The inclusion of a social agent framing – such as a chatbot – would provide more contextualization for policy for technology with social capabilities by foregrounding the mechanisms of interactivity. While currently a legally undefined category, chatbots that employ AI in medical or legal professional contexts or in interactions with children warrant particular attention that is not fully addressed in policy proposals such as the EU AI Act. (Leaua & Didu, 2021).
Given the proliferation of science fiction stories that perpetuate existential fears around fully agentic, superintelligent robots, it’s not surprising that the invocation of robots and policy would lend itself towards more ethical or philosophical discussions around “robot rights” (e.g., Ashrafian 2015; Robertson, 2014; Sharkey 2017). This is indicative of how social agents, through their social interactivity, force reflection on what it means to be human. That in turn should be concretely used to reinforce the importance of human rights right now, such as those begun by the Rathenau Instituut’s report and Mpinga et al.’s review of human rights in research on AI.
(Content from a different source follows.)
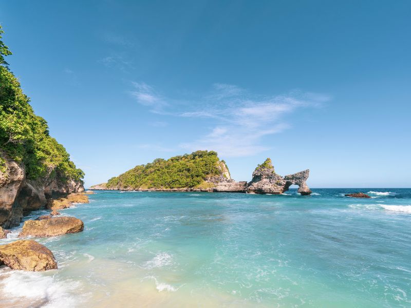 Return boat transfer Pick up & drop hotel Lunch Retribution Insurance Island tour (Kelingking Beach, Diamond Beach, Tree House, Atuh Beach)
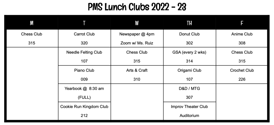 All clubs at Presidio are student led. Students will complete a google form to request the opportunity to start a club request a staff advisor and classroom. Forms will be posted in grade level google classrooms and in the Presidio Family Newsletter when ready.

Because they’re predicated around the development of the interfaces that enable interaction, social agents both pose unique risks while also grounding conversations of the novelty and threat of AI to the innate human-ness of interactivity. The literature on social agents is positioned to substantively further existing discussions for both technologists and policymakers – a critical relationship especially given that these technologies are still very much in progress. Through this ongoing review, then, we aim to contribute to this relationship-building and knowledge transfer.